Material for this task ▸
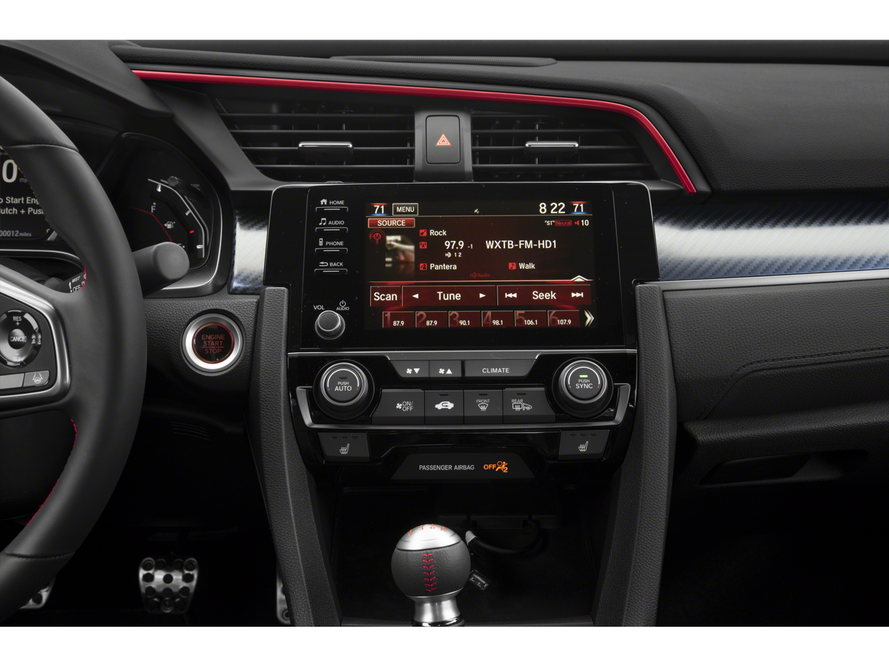 - Radio: 450-Watt Premium Audio System w/10 Speakers -inc: subwoofer, 7-inch display audio w/high-resolution electrostatic touch-screen, knob and hard keys for primary controls and customizable feature settings, HondaLink, Apple CarPlay integration, Android Auto integration, SiriusXM, HD Radio, Bluetooth® HandsFreeLink, Bluetooth® streaming audio, SMS text message function, Radio Data System (RDS), Speed-Sensitive Volume Compensation (SVC), 1.0-amp USB audio interface port in center console, 1.5-amp USB smartphone/audio interface port in front console, illuminated steering wheel-mounted controls and fin-type roof-mounted antenna
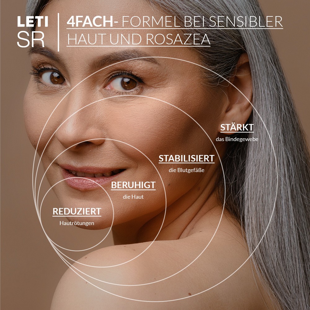 Faktoren wie genetische Veranlagung, Stress oder UV-Strahlung können feinste Blutgefäße (Mikrokapillargefäße) der Haut schwächen und weiten. Dadurch kommt es zu Rötungen im Gesicht, sichtbaren Äderchen oder zu Rosazea. Die aktiven Inhaltsstoffe in LETI SR bieten einen innovativen doppelten Schutz der Blutgefäße.Sie stabilisieren sie und stärken ihr stützendes Bindegewebe (Anti-Aging-Effekt).1 Das Ergebnis: weniger Rötungen2, mehr Straffung. LETI SR wurde speziell für empfindliche und gerötete Haut sowie Rosazea Subtyp I entwickelt.
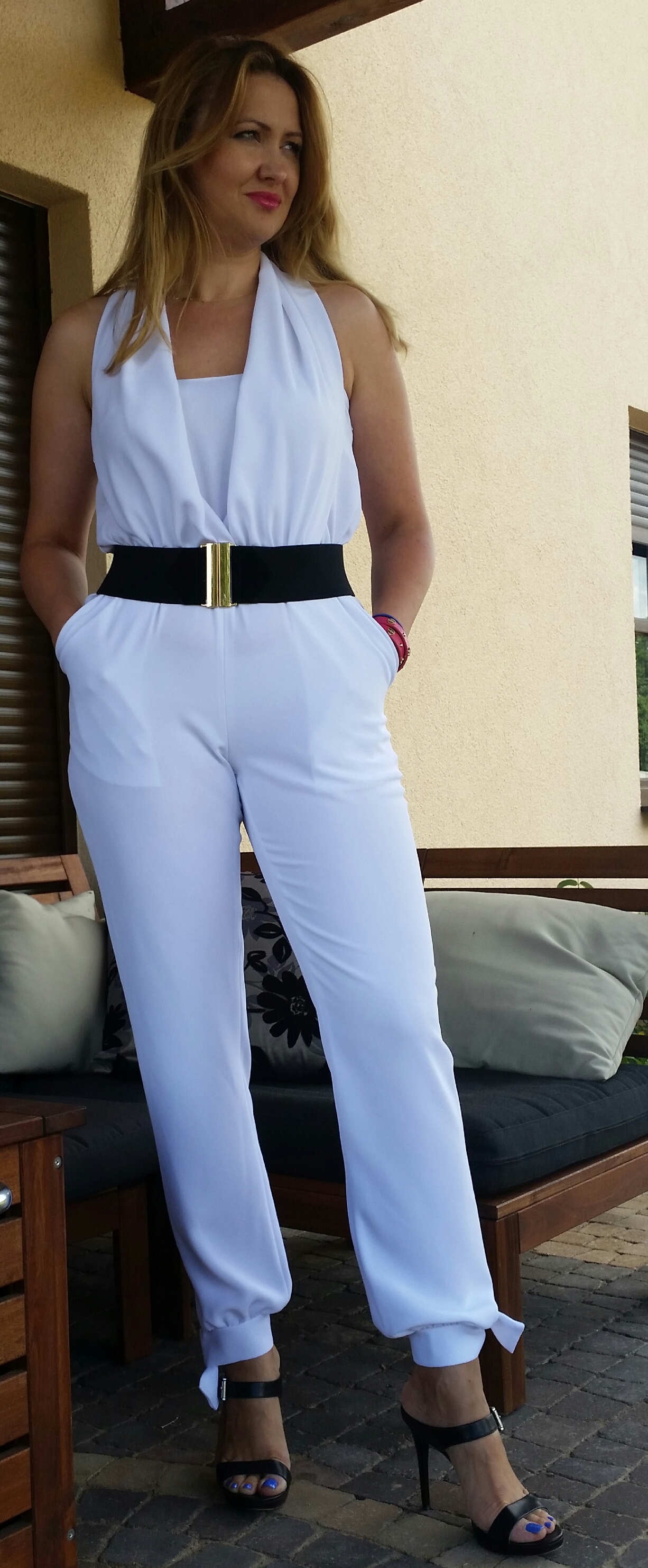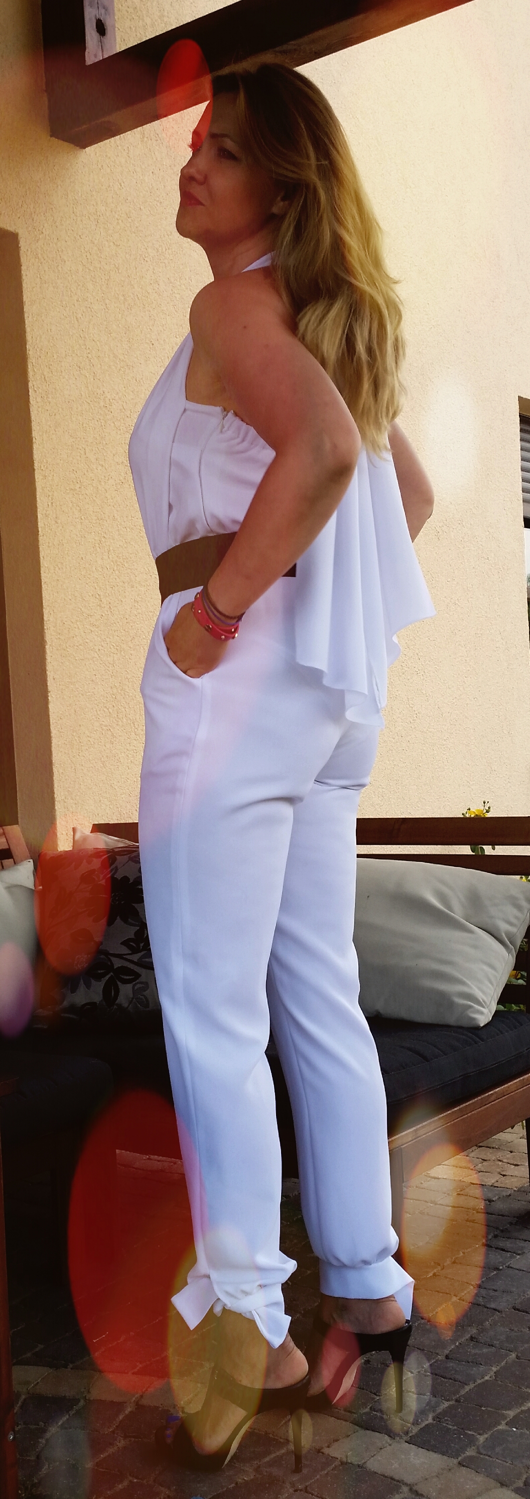 Tak więc, moje kochane po40-stki w końcu udało mi sie zrealizować zamysł zaprojektowania kreacji, która spełnia wszystkie moje oczekiwania – wyszczupla,wydłuża sylwetkę, zakrywa co trzeba i jest na topie.Kombinezon który stworzyłam z myślą o przyjęciu weselnym (dlatego bardzo ozdobne, długie ,powłóczyste wiązania z tyłu, które dodają kreacji lekkości i elegancji ) jest perfekcyjny.
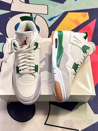 The Jordan 4 Retro SB Pine Green used a white leather upper with a Neutral Grey suede mudguard. The limited edition sneakers sit on top of a white and Pine Green midsole which is highlighted by a red air unit. Nike used a gum outsole to help with increased grip while skateboarding.
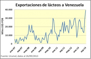Venezuela retomó su lugar como principal importador de lácteos uruguayos durante setiembre. Cifras preliminares al cierre del mes indican que las ventas alcanzaron US$ 39.23 millones frente a los US$ 28,20 millones de agosto.
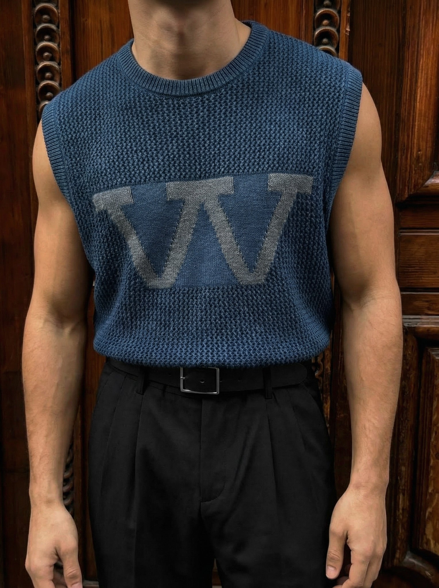 Oversize Washed Knit 'W‘ Tanktop - Blue

Task brief ▸
Starting at the line that holds "Faktoren wie genetische", copy each line exactly through the end of the listing, both ends included. Leave the pictures out.

Exercise result ▸
 Faktoren wie genetische Veranlagung, Stress oder UV-Strahlung können feinste Blutgefäße (Mikrokapillargefäße) der Haut schwächen und weiten. Dadurch kommt es zu Rötungen im Gesicht, sichtbaren Äderchen oder zu Rosazea. Die aktiven Inhaltsstoffe in LETI SR bieten einen innovativen doppelten Schutz der Blutgefäße.Sie stabilisieren sie und stärken ihr stützendes Bindegewebe (Anti-Aging-Effekt).1 Das Ergebnis: weniger Rötungen2, mehr Straffung. LETI SR wurde speziell für empfindliche und gerötete Haut sowie Rosazea Subtyp I entwickelt.
 Tak więc, moje kochane po40-stki w końcu udało mi sie zrealizować zamysł zaprojektowania kreacji, która spełnia wszystkie moje oczekiwania – wyszczupla,wydłuża sylwetkę, zakrywa co trzeba i jest na topie.Kombinezon który stworzyłam z myślą o przyjęciu weselnym (dlatego bardzo ozdobne, długie ,powłóczyste wiązania z tyłu, które dodają kreacji lekkości i elegancji ) jest perfekcyjny.
 The Jordan 4 Retro SB Pine Green used a white leather upper with a Neutral Grey suede mudguard. The limited edition sneakers sit on top of a white and Pine Green midsole which is highlighted by a red air unit. Nike used a gum outsole to help with increased grip while skateboarding.
Venezuela retomó su lugar como principal importador de lácteos uruguayos durante setiembre. Cifras preliminares al cierre del mes indican que las ventas alcanzaron US$ 39.23 millones frente a los US$ 28,20 millones de agosto.
 Oversize Washed Knit 'W‘ Tanktop - Blue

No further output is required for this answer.